Nicolini U, Guarneri D, Gianotti G A, Campagnoli C, Crosignani P G, Gatti L
1st Department of Obstetrics and Gynecology, University of Milano, Italy.
Obstet Gynecol. 1994 Jan;83(1):65-9.
To study the platelet activation phase in normal pregnant women and their fetuses, both in vivo under basal conditions and in vitro after stimulation by adenosine diphosphate (ADP), a weak agonist, and U46619, a strong one.
Platelet function was investigated in 39 normal pregnant women and their fetuses undergoing fetal blood sampling at 18-37 weeks' gestation, using flow cytometry and the anti-GMP140 monoclonal antibody. This combined technique allows platelets to be investigated in small aliquots of whole blood, and it detects platelet secretion regardless of aggregation. In all cases, the percentage of activated platelets was determined under basal conditions and after addition of platelet agonists: ADP at concentrations of 10 and 50 mumol/L, and U46619, a stable analogue of thromboxane A2, at 1 mumol/L.
Compared to nonpregnant controls, pregnant women had a significantly lower percentage of activated platelets after addition of U46619 (P = .02). Compared to their mothers, fetuses had significantly inferior platelet activation after addition of both platelet-activating factors at all concentrations used (ADP 10 mumol/L, P < .0001 and ADP 50 mumol/L, P < .0001; U46619, P < .0001). Maternal and fetal platelet activation did not change with duration of gestation. In the fetus, the percentage of activated platelets did not correlate with hematocrit, pH, or oxygen pressure, but it correlated significantly with platelet count after addition of U46619 (r = 0.45, P = .006).

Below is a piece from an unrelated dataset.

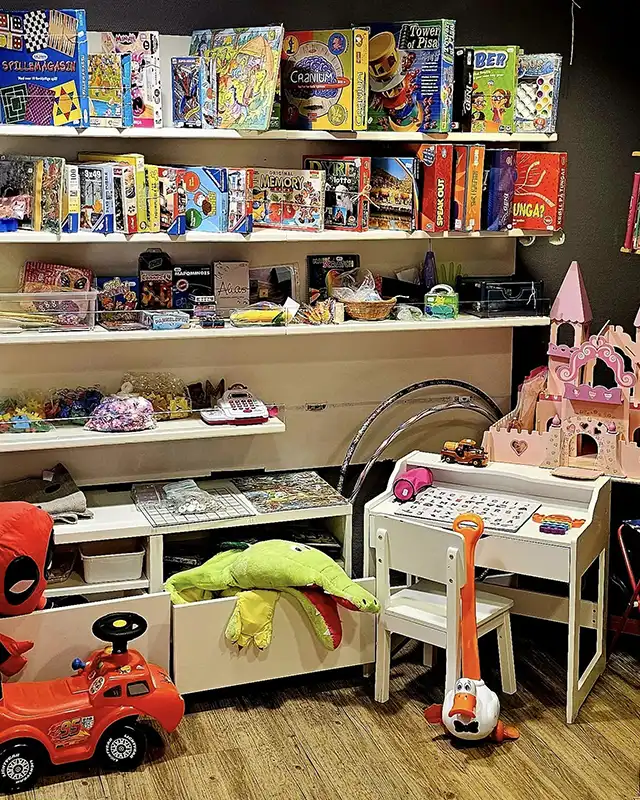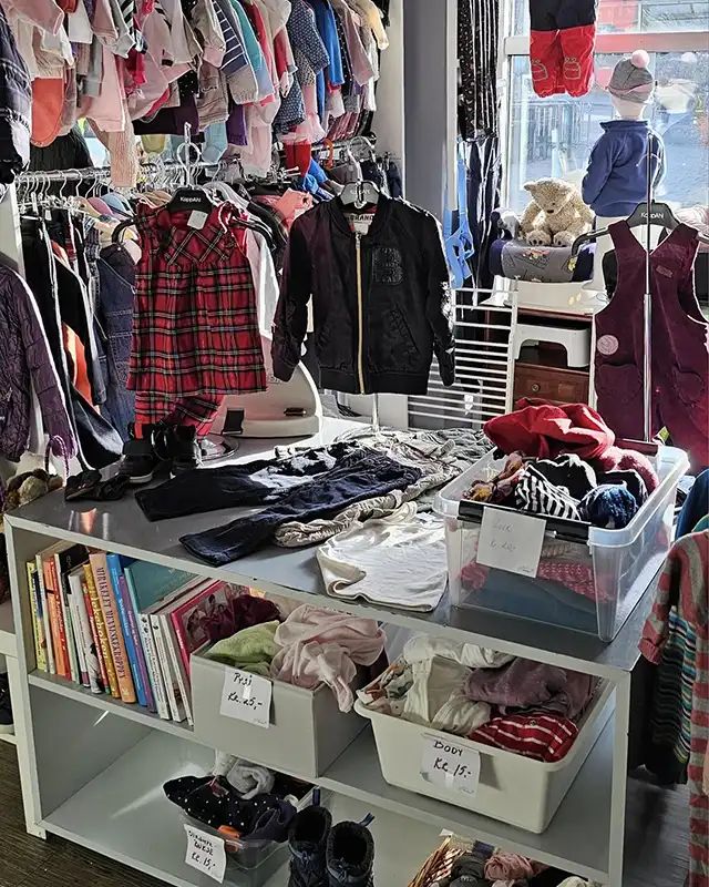I butikken selges møbler, klær og sko til barn og voksne, serviser og glass, nips, spill, leker, bøker, lamper og mye, mye mer. Overskuddet deles mellom Haslum menighet sitt barne- og ungdomsarbeid og Okhaldhunga sykehus i Nepal.

Decreased platelet activation in both pregnant women and fetuses suggests the action of a plasma factor that selectively inhibits prostaglandin-dependent activation. Prostacyclin, which is known to decrease platelet aggregation and release reactions caused by agonists, might have a greater inhibitory effect in the fetus than in the mother, or be present in larger amounts in the fetus.
研究正常孕妇及其胎儿在基础状态下的体内血小板激活阶段,以及在体外经二磷酸腺苷(ADP,一种弱激动剂)和U46619(一种强激动剂)刺激后的血小板激活阶段。
采用流式细胞术和抗GMP140单克隆抗体,对39例妊娠18 - 37周接受胎儿采血的正常孕妇及其胎儿的血小板功能进行研究。这种联合技术可在小份全血中研究血小板,且能检测血小板分泌而不考虑聚集情况。在所有病例中,均测定基础状态下以及添加血小板激动剂后的活化血小板百分比:浓度为10和50 μmol/L的ADP,以及1 μmol/L的血栓素A2稳定类似物U46619。
与未孕对照组相比,孕妇添加U46619后活化血小板百分比显著降低(P = 0.02)。与母亲相比,胎儿在添加所有浓度的血小板激活因子后(ADP 10 μmol/L,P < 0.0001;ADP 50 μmol/L,P < 0.0001;U46619,P < <0.0001)血小板激活明显较差。母体和胎儿的血小板激活情况不随妊娠持续时间而变化。在胎儿中,活化血小板百分比与血细胞比容、pH值或氧分压无关,但在添加U46619后与血小板计数显著相关(r = 0.45,P = 0.006)。
孕妇和胎儿血小板激活降低提示存在一种血浆因子,其选择性抑制前列腺素依赖性激活。已知前列环素可减少激动剂引起的血小板聚集和释放反应,在胎儿中其抑制作用可能比母亲更强,或在胎儿中含量更高。